Corporate Japan is changing. When the corporate governance code was introduced in Japan in 2014, companies scrambled to find independent directors to put on the board and were more concerned with complying with the letter rather than the spirit of the law.
However, over the ensuing years, the quality of directors has improved significantly and companies have taken the opportunity to improve the functioning of the board by having it take more of an oversight role and focus on strategy rather than operational issues.
One aspect of the corporate governance code is the need to justify cross-shareholdings. The unwinding of cross-shareholdings started during the Japanese financial crisis in the early 2000s, but was running out of steam before the code was introduced.
It has given renewed impetus to the unwinding, particularly given that the latest version of the code is even stricter on this point.
At the same time, the code has emboldened activists to challenge companies which are seen as being inefficient from a balance sheet perspective.
The stewardship code, which was introduced in 2013, means Japanese institutional investors can no longer ignore the activists entirely.
And we have seen some interesting examples of companies taking a more robust approach with other listed companies.
For example, Itochu, the trading house, raised its stake in Descente, a sportswear manufacturer from 30% to 40% in a hostile move and then forced out the board because it felt that Descente's management was underperforming.

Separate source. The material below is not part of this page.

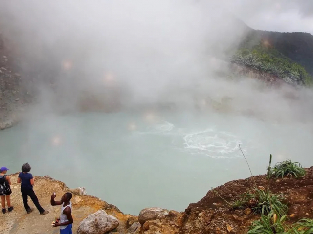 Кипящее озеро – один из самых странных водоемов мира. Оно спрятано в кратере вулкана Морн-Труа-Питон и напоминает гигантский котел с бурлящей водой. Серо-голубая поверхность постоянно вздымается пузырями, а температура по краям держится на уровне 80–90°C. Это объясняется интенсивной вулканической активностью: из глубин поднимаются раскаленные газы и нагревают воду до состояния вечного кипения.

Yahoo Japan forced out the CEO of Askul, a company in which it owned a 45% stake, because it was dissatisfied with the company's deteriorating business.
And the shareholders in Japanese bathroom equipment company Lixil, led by Marathon Asset Management, forced the CEO, who was from the founding family, to resign, when he failed to secure sufficient votes at the shareholders' meeting.
Perhaps corporate Japan is the one leopard who can change its spots.